How to reduce the manufacturing and processing costs of industrial pure titanium
Apr 01, 2024
Titanium and titanium alloys have broad application prospects in the military, civil and other fields due to their low density, high specific strength, high flexural strength ratio, good plastic toughness, good corrosion resistance, etc. Their performance and the level of manufacturing technology have a direct impact on the development of these fields and the level of improvement. The bottleneck in expanding the titanium alloy market is that titanium extraction, melting and machining are difficult, which leads to high production costs. The production cost of titanium ingot is about 30 times that of the same weight steel ingot, 6 times that of aluminum ingot, of which the cost of titanium sponge production from ore to magnesium reduction is about 20 times that of the production of the same weight iron. At present, the cost of each ton of industrial pure titanium is about 7.5 ~ 10 $ / kg, while the production cost of aerospace titanium alloy is as high as 40 $ / kg .

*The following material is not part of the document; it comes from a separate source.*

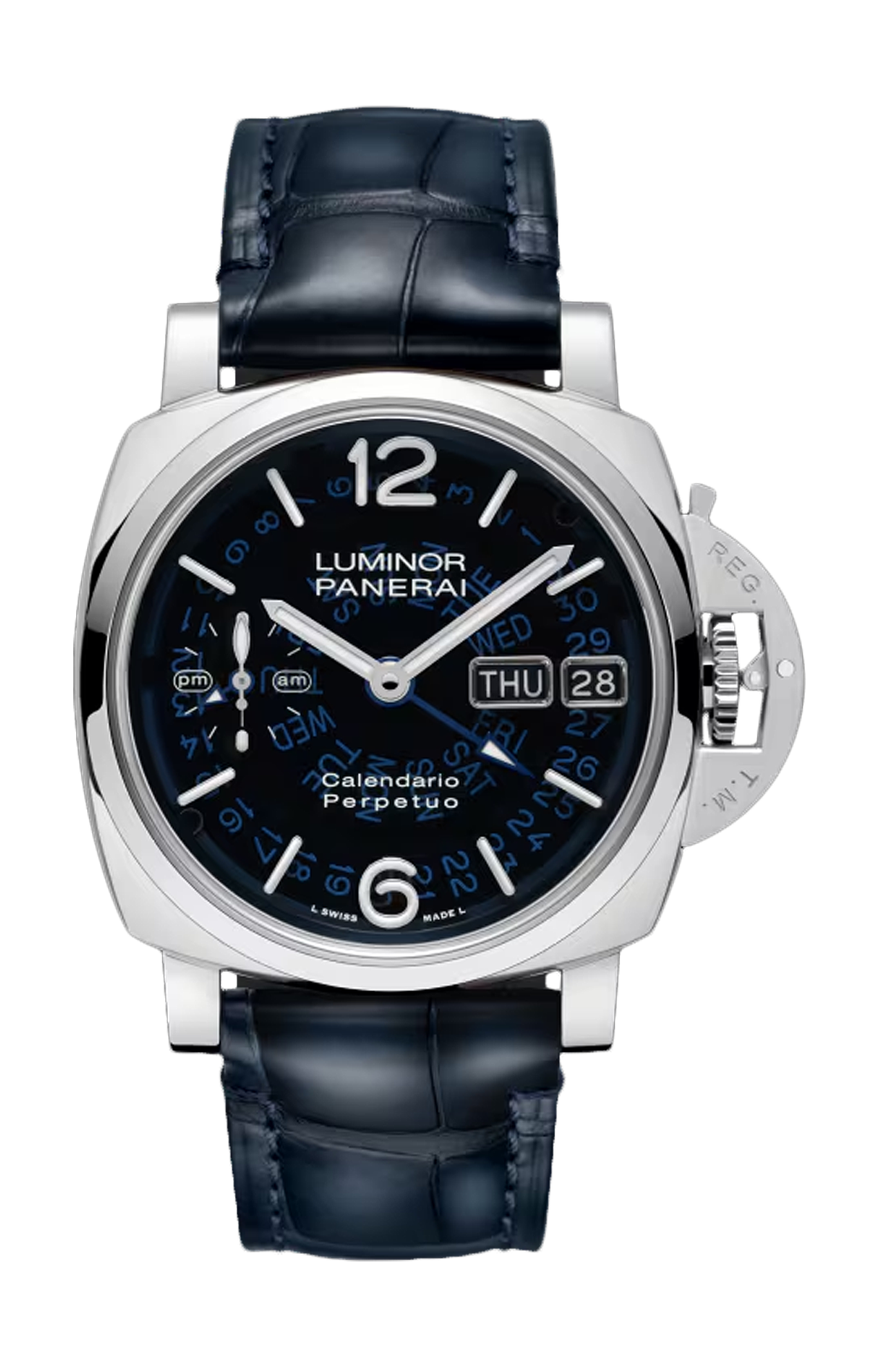 Il Luminor Perpetual Calendar è progettato per la massima chiarezza, con un quadrante in vetro zaffiro che migliora la profondità e la visibilità. Il raffinato design assicura la leggibilità immediata delle funzioni giorno, data e GMT. Le lancette e gli indici luminescenti con Super-Luminova® X2 offrono una maggiore luminosità per una leggibilità ottimale anche in condizioni di scarsa illuminazione. Il contatore dei piccoli secondi rodiato offre un riferimento chiaro, mentre l’ampio datario ottimizza la leggibilità.

Therefore, cost reduction is mainly to reduce the cost of industrial pure titanium production and titanium and titanium alloy manufacturing and processing costs. In order to reduce the cost of titanium alloys, foreign countries vigorously develop titanium alloys without cutting, less cutting near-net shape process, powder metallurgy technology is one of the near-net shape process. Manufacture of titanium alloy parts currently there are three main methods: ① traditional forging material processing; ② casting; ⑧ powder metallurgy. Material processing with forging, its material properties are excellent, but waste, processing, high cost, and difficult to obtain the shape of complex products; casting can be obtained in the shape of complex net shape or near-net shape of the product, the cost is lower, but the casting process of the material composition segregation, loosening, shrinkage of solenoids and other defects are difficult to avoid, the material performance is low. The powder metallurgy technology of titanium alloy overcomes the shortcomings of these two methods, and at the same time has their advantages. Therefore, domestic and foreign researchers have carried out a lot of work on the preparation of titanium alloy by powder metallurgy technology. In this paper, several kinds of powder metallurgy technologies for the preparation of high-performance titanium alloys and their applications have been researched and developed abroad in recent years, and their applications are briefly introduced.1 New powder metallurgy preparation technology 1.1 Metal injection molding (MlM)
Metal powder injection molding (MIM) technology, as a near-net forming technology, can prepare high-quality, high-precision complex parts, which is considered to be one of the most advantageous forming technologies. Manufacturing titanium and titanium alloy near-net shape parts by MIM method can significantly reduce the processing cost. It is estimated that the current production volume of titanium MIM parts around the world is 3-5t per month. with the improvement of the process of preparing titanium powder and the reduction of powder cost -, the production volume of titanium alloy injection molding parts is on a growing trend. Japan's first MIM technology to produce Ti a 4wt% Fe alloy sports cleats. Now the largest titanium powder injection molding production plant is Japan Injex, monthly production of about 2 ~ 3 t. Titanium MIM products have been in the golf head, automobile, medical equipment, dental implants and watch cases and straps and other aspects of the application. Titanium alloy case made by Hitachi metal Precision Company and Casio Computer Company in Japan won the MIM Award of Merit at the International Powder Metallurgy Conference in 1999, and this watch can still operate normally at a water depth of 200m. Some Japanese universities use Sumitomo Sitix aerosolized spherical titanium powder, by the MIM method to obtain a Ti 6Al 4V, Ti 12Mo, Ti 5Co alloy. Material properties are better than the same conditions under the same conditions with conventional powder metallurgy process produced by the material properties, fully reached the same composition of the melting and forging material level. In addition, a Japanese company used injection molding method to manufacture titanium-iron alloy parts with complex shapes, such as the sole nails of track and field running shoes. The method will be titanium-iron alloy (Ti a 5wt% Fe) powder and organic binder mix, injection molding at 196MPa pressure, in 550 degrees degreasing, and then in the 1000-1400 degrees, 1.33 × 1O Pa conditions for vacuum sintering. Compared with molybdenum alloy spikes, the titanium-iron alloy spikes made in this way have improved wear resistance and impact resistance. And the weight is reduced by 45%.